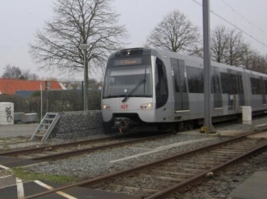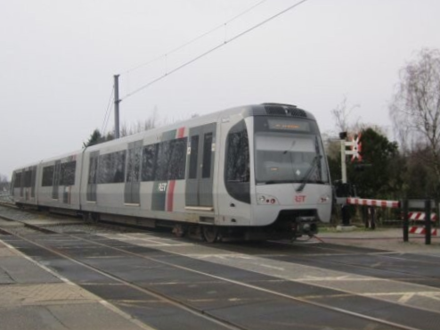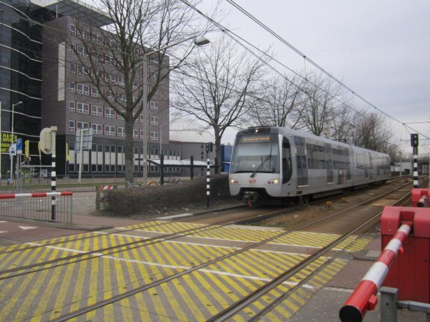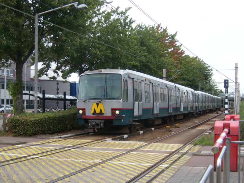 Drie SG2/1-stellen op lijn A naar Binnenhof maken een stop op station Alexander, 15 mei 2010. In tegenstelling tot de MG2/1 is de SG2/1 wettelijk een tram, waardoor deze stellen zijn uitgevoerd met richtingaanwijzers en een extra ruitje in de raamstijl voor meer overzicht.
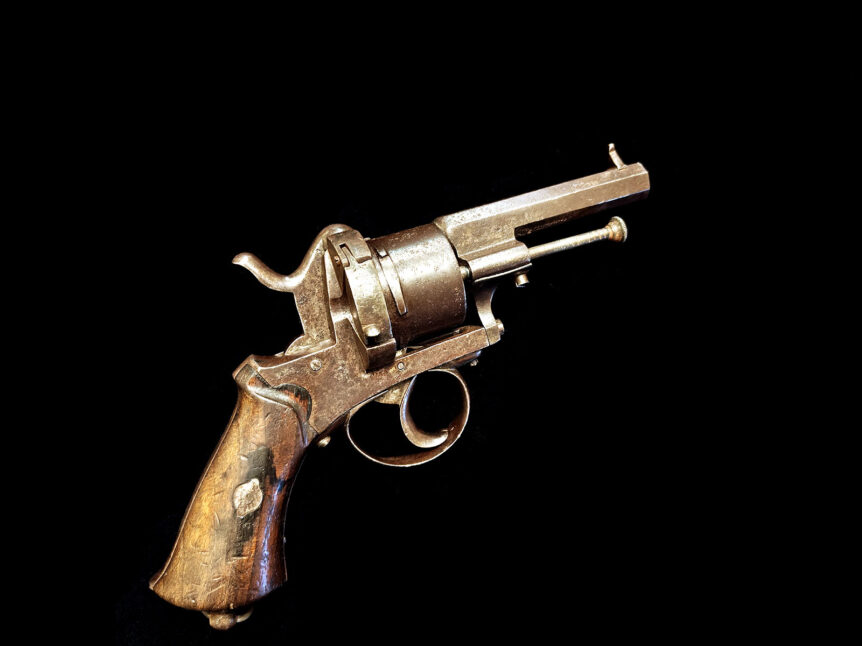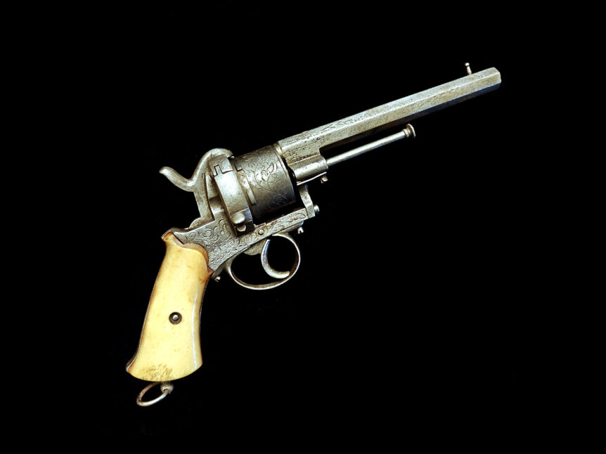 Alkuperämaa: Belgia tai Ranska Valmistusajankohta: 1860-luku Lupa: Ase on ikänsä puolesta lupavapaa, eli et tarvitse erillistä lupaa kohteen ostoon, myyntiin tai säilyttämiseen Merkinnät: Ei näkyviä leimauksia Mekanismi: Kaksitoiminen piikkipatruunarevolveri Pituus: 22 cm Rulla: 6 patruunapesää Piipunreiän halk.: 11 mm Rihlaus: Ei (sileä piippu) Kunto: Hyvä, mekanismi toimii hienosti sekä yksi- että kaksitoimisesti. Pinnat ovat säilyneet arvokkaasti, ja niissä on aseen …
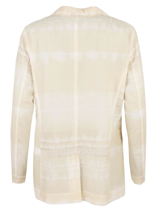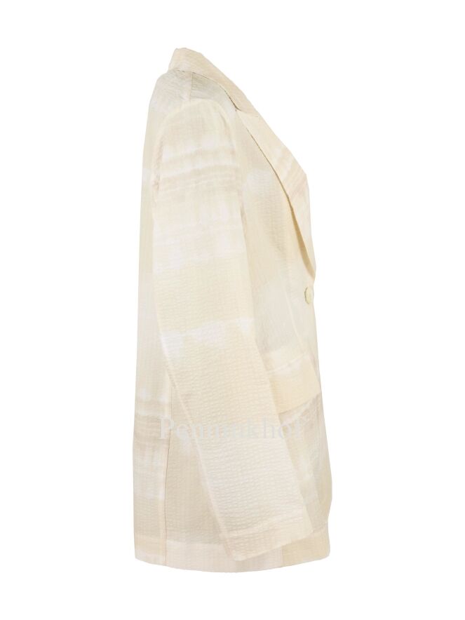 An unlined blazer from Beatrice B. in a batik print with the colors white and vanilla. The fabric has a fine waffle structure. The blazer has a one-button closure and can be hand washed.
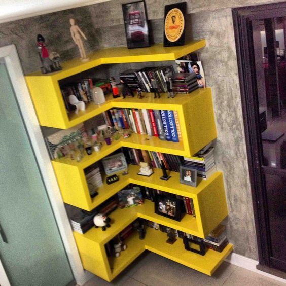 Estantes que pegam o canto inteiro da sua sala também é ótima alternativa para deixar o ambiente mais funcional. Na estante vale guardar livros, revistas, seus objetos de uso pessoal e ainda colocar alguns objetos de decoração.
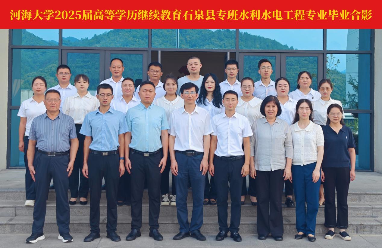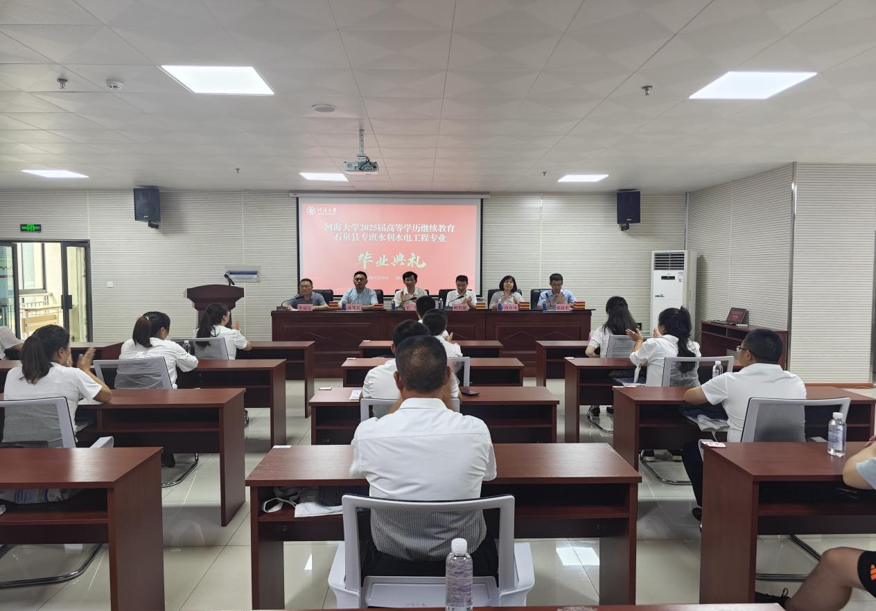 7月19日,永利集团304am登录2025届高等学历继续教育石泉县专班水利水电工程专业毕业典礼在中共石泉县委党校举行。中共石泉县考核办常务副主任柯有超,中共石泉县委党校副校长张良平,校友代表、石泉县水利局三级调研员、永利集团304am登录继续教育校友会副会长李品宝,永利集团304am登录副院长于伟,永利集团304am登录土木与交通学院办公室主任、石泉县池河镇党委副书记(挂职)汤茂买出席毕业典礼。中共石泉县委组织部、县委党校、永利集团304am登录相关部门负责同志参加典礼。
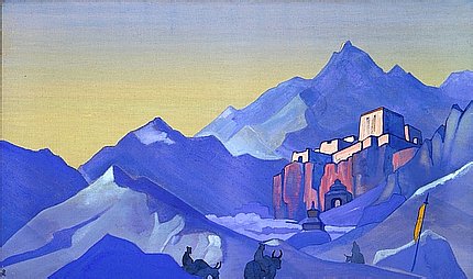 Das Nicholas Roerich Porträt auf den Hintergrung L
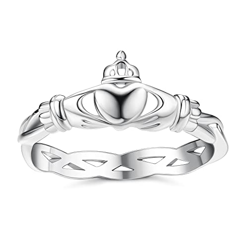 ADRAMATA Anello in Argento Sterling 925 Claddagh Anello per Le Donne Amore Cuore Irlandese Nodo Corona Anello per Le Donne Eternità Fede Nuziale Impilabile Promessa di Fidanzamento Amicizia
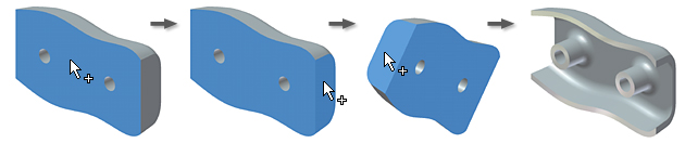 Użytkownik może tworzyć zaokrąglenia, które są oparte na wybranych krawędziach, zaokrąglenia powierzchni pomiędzy dwoma przyległymi powierzchniami lub zestawami powierzchni lub zaokrąglenia z zachowaniem styczności o zmiennej wartości promienia, które są styczne względem trzech sąsiadujących ze sobą powierzchni lub zbiorów powierzchni.
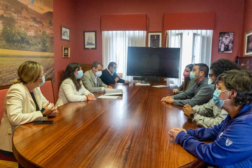 Previa á sinatura do convenio o alcalde de Tui, Enrique Cabaleiro, as concelleiras de Igualdade, Ana Mª Núñez, e Educación, Sonsoles Vicente, e o concelleiro de Servizos Sociais, Ismael Diz, xunto a técnicas municipais, reuníronse cos membros de ACCEM, Daniela Bóveda, responsable territorial adxunta en Galicia, Gemma Landesa, responsable do programa Gadea, e Hafdallah Menni, responsable do programa Novicom.
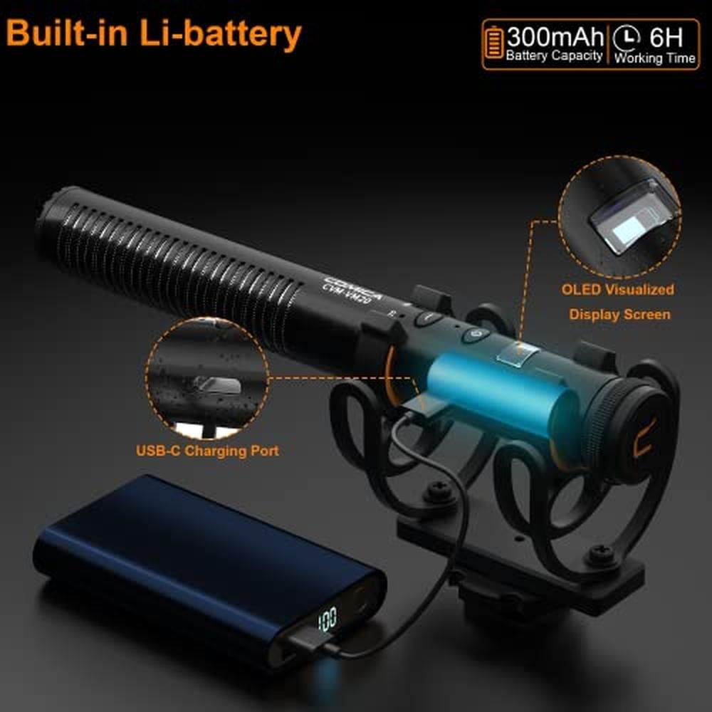 - OLED Visualized Power & Shock Absorption Design With its OLED screen, you can easily monitor the battery status and keep track of the remaining power in real-time. This ensures uninterrupted recording sessions, providing you with peace of mind. In addition, the VM20 video mic features a Rycote shock mount that effectively minimizes unwanted vibrations and shaking during motion shots. Also, you can adjust the front and rear position of the shock mount according to your need.
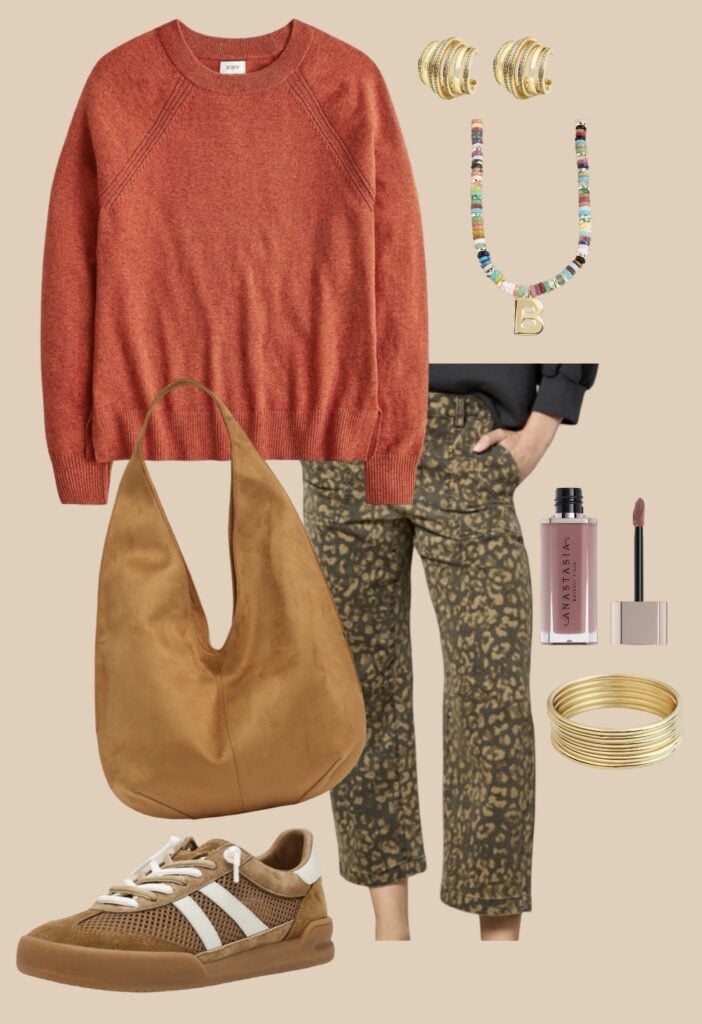 rust sweater / leopard barrel jeans / earrings / necklace / suede hobo bag / Steve Madden sneakers / gold bangle set / lip velvet liquid lipstick
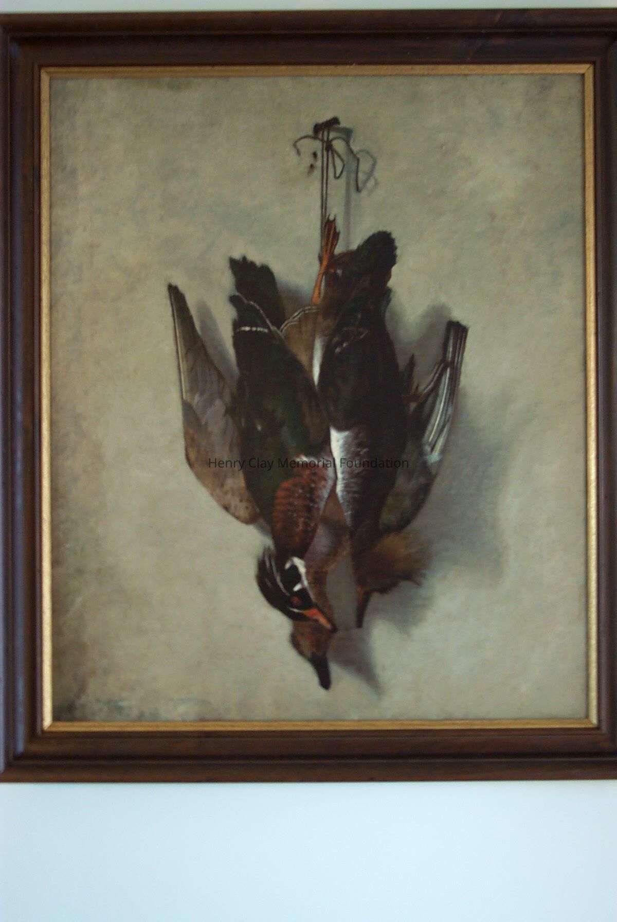 Oil on canvas of three dead ducks (a wood duck in the foreground left) hanging from a single looped twine. On a pale grey/green background. Unsigned. Framed in a dark wood frame with gold inner lip.Dimensions

━━━━━━

The output must match the records word for word, except that no pictures appear.

 Drie SG2/1-stellen op lijn A naar Binnenhof maken een stop op station Alexander, 15 mei 2010. In tegenstelling tot de MG2/1 is de SG2/1 wettelijk een tram, waardoor deze stellen zijn uitgevoerd met richtingaanwijzers en een extra ruitje in de raamstijl voor meer overzicht.
 Alkuperämaa: Belgia tai Ranska Valmistusajankohta: 1860-luku Lupa: Ase on ikänsä puolesta lupavapaa, eli et tarvitse erillistä lupaa kohteen ostoon, myyntiin tai säilyttämiseen Merkinnät: Ei näkyviä leimauksia Mekanismi: Kaksitoiminen piikkipatruunarevolveri Pituus: 22 cm Rulla: 6 patruunapesää Piipunreiän halk.: 11 mm Rihlaus: Ei (sileä piippu) Kunto: Hyvä, mekanismi toimii hienosti sekä yksi- että kaksitoimisesti. Pinnat ovat säilyneet arvokkaasti, ja niissä on aseen …
 An unlined blazer from Beatrice B. in a batik print with the colors white and vanilla. The fabric has a fine waffle structure. The blazer has a one-button closure and can be hand washed.
 Estantes que pegam o canto inteiro da sua sala também é ótima alternativa para deixar o ambiente mais funcional. Na estante vale guardar livros, revistas, seus objetos de uso pessoal e ainda colocar alguns objetos de decoração.
 7月19日,永利集团304am登录2025届高等学历继续教育石泉县专班水利水电工程专业毕业典礼在中共石泉县委党校举行。中共石泉县考核办常务副主任柯有超,中共石泉县委党校副校长张良平,校友代表、石泉县水利局三级调研员、永利集团304am登录继续教育校友会副会长李品宝,永利集团304am登录副院长于伟,永利集团304am登录土木与交通学院办公室主任、石泉县池河镇党委副书记(挂职)汤茂买出席毕业典礼。中共石泉县委组织部、县委党校、永利集团304am登录相关部门负责同志参加典礼。
 Das Nicholas Roerich Porträt auf den Hintergrung L
 ADRAMATA Anello in Argento Sterling 925 Claddagh Anello per Le Donne Amore Cuore Irlandese Nodo Corona Anello per Le Donne Eternità Fede Nuziale Impilabile Promessa di Fidanzamento Amicizia
 Użytkownik może tworzyć zaokrąglenia, które są oparte na wybranych krawędziach, zaokrąglenia powierzchni pomiędzy dwoma przyległymi powierzchniami lub zestawami powierzchni lub zaokrąglenia z zachowaniem styczności o zmiennej wartości promienia, które są styczne względem trzech sąsiadujących ze sobą powierzchni lub zbiorów powierzchni.
 Previa á sinatura do convenio o alcalde de Tui, Enrique Cabaleiro, as concelleiras de Igualdade, Ana Mª Núñez, e Educación, Sonsoles Vicente, e o concelleiro de Servizos Sociais, Ismael Diz, xunto a técnicas municipais, reuníronse cos membros de ACCEM, Daniela Bóveda, responsable territorial adxunta en Galicia, Gemma Landesa, responsable do programa Gadea, e Hafdallah Menni, responsable do programa Novicom.
 - OLED Visualized Power & Shock Absorption Design With its OLED screen, you can easily monitor the battery status and keep track of the remaining power in real-time. This ensures uninterrupted recording sessions, providing you with peace of mind. In addition, the VM20 video mic features a Rycote shock mount that effectively minimizes unwanted vibrations and shaking during motion shots. Also, you can adjust the front and rear position of the shock mount according to your need.
 rust sweater / leopard barrel jeans / earrings / necklace / suede hobo bag / Steve Madden sneakers / gold bangle set / lip velvet liquid lipstick
 Oil on canvas of three dead ducks (a wood duck in the foreground left) hanging from a single looped twine. On a pale grey/green background. Unsigned. Framed in a dark wood frame with gold inner lip.Dimensions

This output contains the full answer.